Your assignment >> Only one span is wanted from the lines below: from the one with "Raum mit Arbeitsbereich, Liege, Laufgitter" up to and including the one with "The Long Sleeve". Copy it exactly, without images.

Material provided >>
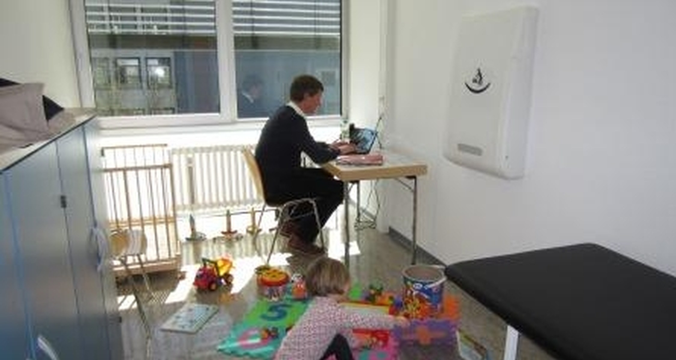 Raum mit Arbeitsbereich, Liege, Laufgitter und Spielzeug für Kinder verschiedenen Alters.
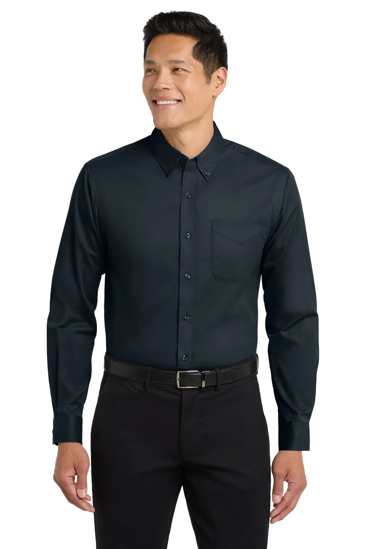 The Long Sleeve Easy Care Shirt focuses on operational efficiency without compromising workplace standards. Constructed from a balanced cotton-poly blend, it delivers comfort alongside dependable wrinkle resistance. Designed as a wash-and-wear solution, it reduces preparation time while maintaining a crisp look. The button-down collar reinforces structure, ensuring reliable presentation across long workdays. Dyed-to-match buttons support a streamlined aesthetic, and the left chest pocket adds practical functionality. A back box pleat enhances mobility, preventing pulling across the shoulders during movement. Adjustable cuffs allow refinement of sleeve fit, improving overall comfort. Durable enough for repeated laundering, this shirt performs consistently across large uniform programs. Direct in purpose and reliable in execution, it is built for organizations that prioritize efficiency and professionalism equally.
---
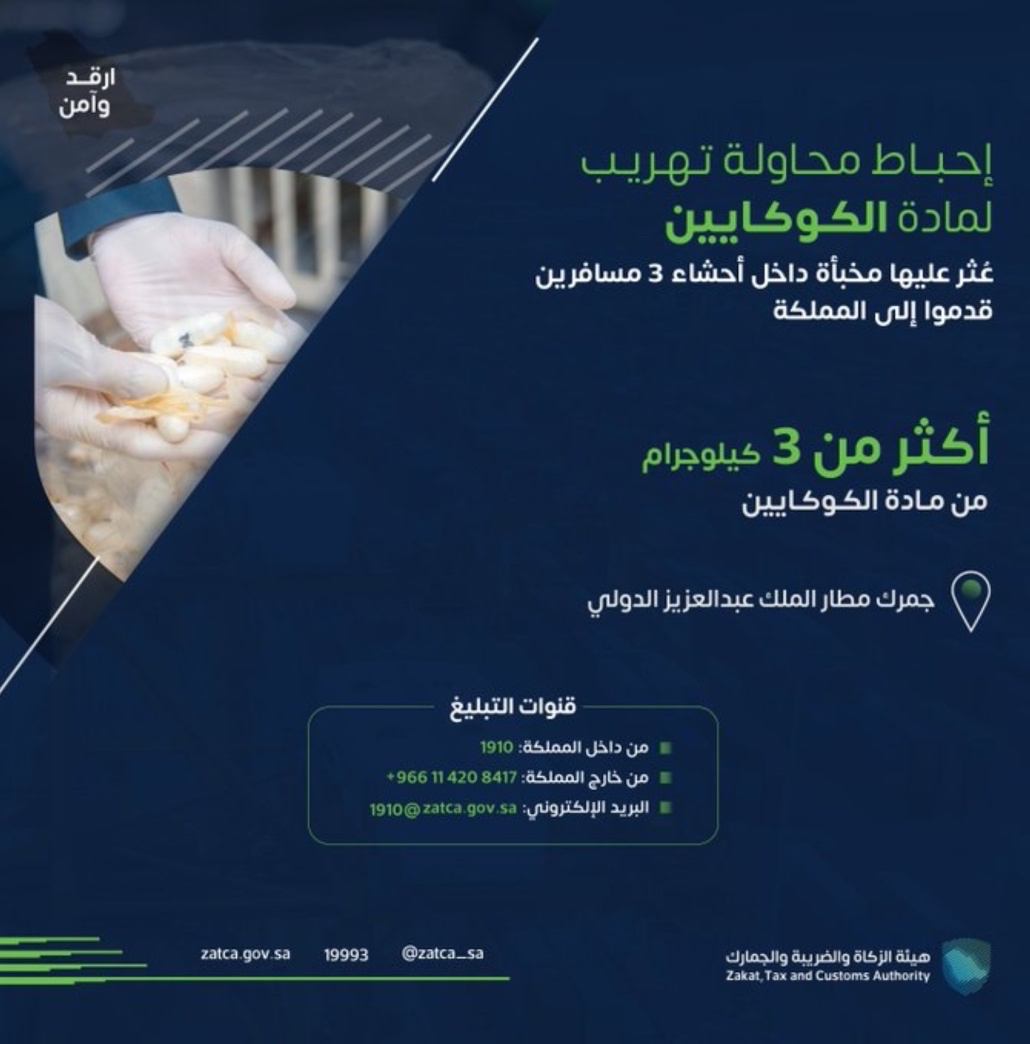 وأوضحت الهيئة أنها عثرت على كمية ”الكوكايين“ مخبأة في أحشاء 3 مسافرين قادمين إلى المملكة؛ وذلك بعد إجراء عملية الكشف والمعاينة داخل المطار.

Written response >>
 Raum mit Arbeitsbereich, Liege, Laufgitter und Spielzeug für Kinder verschiedenen Alters.
 The Long Sleeve Easy Care Shirt focuses on operational efficiency without compromising workplace standards. Constructed from a balanced cotton-poly blend, it delivers comfort alongside dependable wrinkle resistance. Designed as a wash-and-wear solution, it reduces preparation time while maintaining a crisp look. The button-down collar reinforces structure, ensuring reliable presentation across long workdays. Dyed-to-match buttons support a streamlined aesthetic, and the left chest pocket adds practical functionality. A back box pleat enhances mobility, preventing pulling across the shoulders during movement. Adjustable cuffs allow refinement of sleeve fit, improving overall comfort. Durable enough for repeated laundering, this shirt performs consistently across large uniform programs. Direct in purpose and reliable in execution, it is built for organizations that prioritize efficiency and professionalism equally.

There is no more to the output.